Pictures are to be left out, and the rest of the records reproduced exactly.

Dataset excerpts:

______________________________

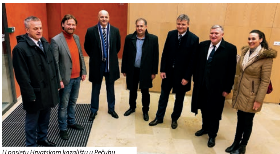
U posjetu Hrvatskom kazalištu u Pečuhu

kako bi opstala u svojoj kulturi, običajima, samobitnosti, svemu onome što je održava, i vjeruje da će Središnji državni ured biti jedan od malih kotačića koji će dati moralnu, materijalnu i političku potporu tome.
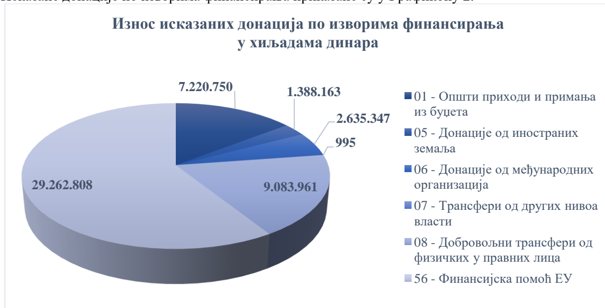
Графикон 2. Исказане донације по изворима финансирања

Исказане донације по изворима финансирања приказане су у Графикону 2.
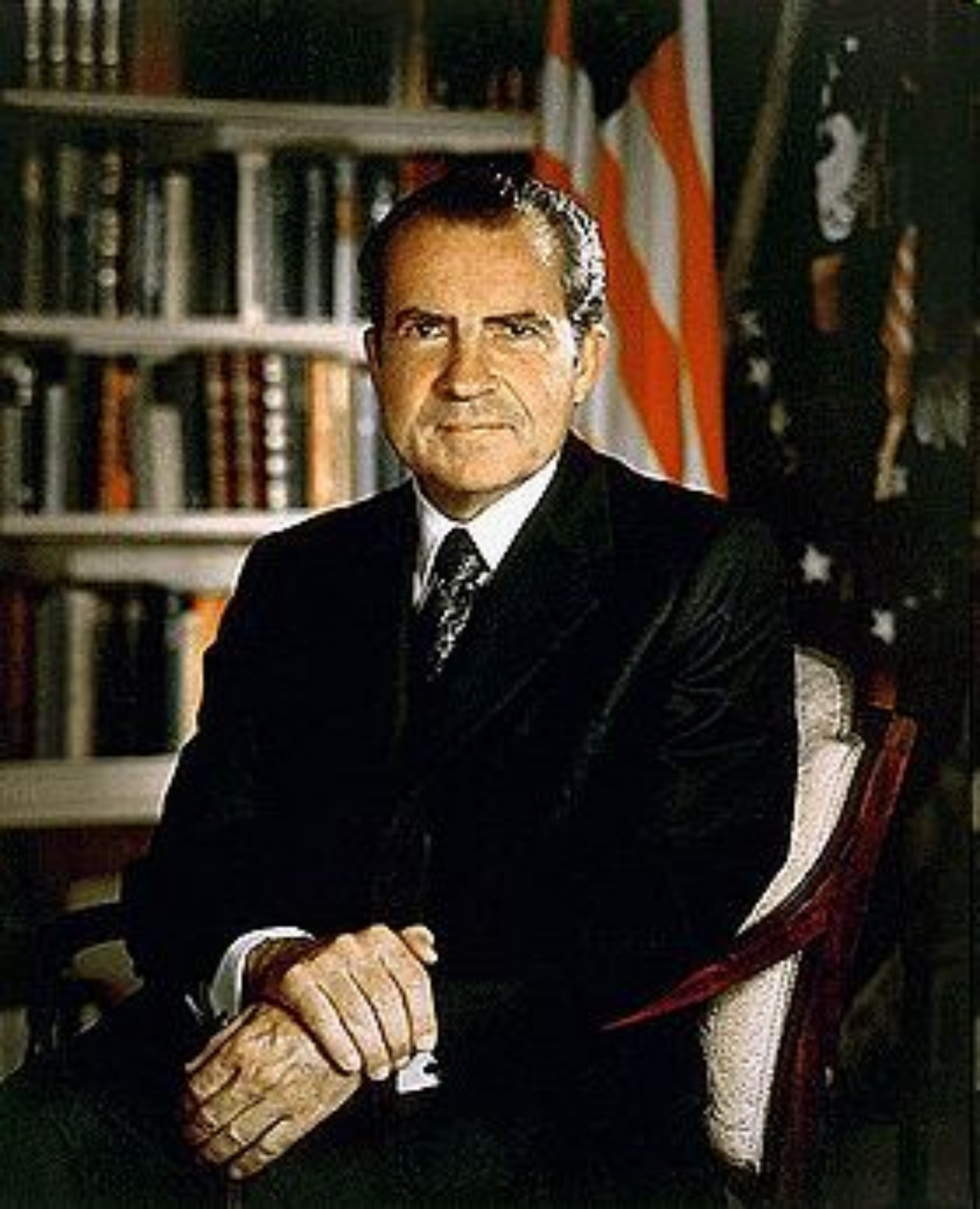
Ричард Милхауз Никсон (1968-1974)

______________________________

• [Result]
U posjetu Hrvatskom kazalištu u Pečuhu

kako bi opstala u svojoj kulturi, običajima, samobitnosti, svemu onome što je održava, i vjeruje da će Središnji državni ured biti jedan od malih kotačića koji će dati moralnu, materijalnu i političku potporu tome.
Графикон 2. Исказане донације по изворима финансирања

Исказане донације по изворима финансирања приказане су у Графикону 2.
Ричард Милхауз Никсон (1968-1974)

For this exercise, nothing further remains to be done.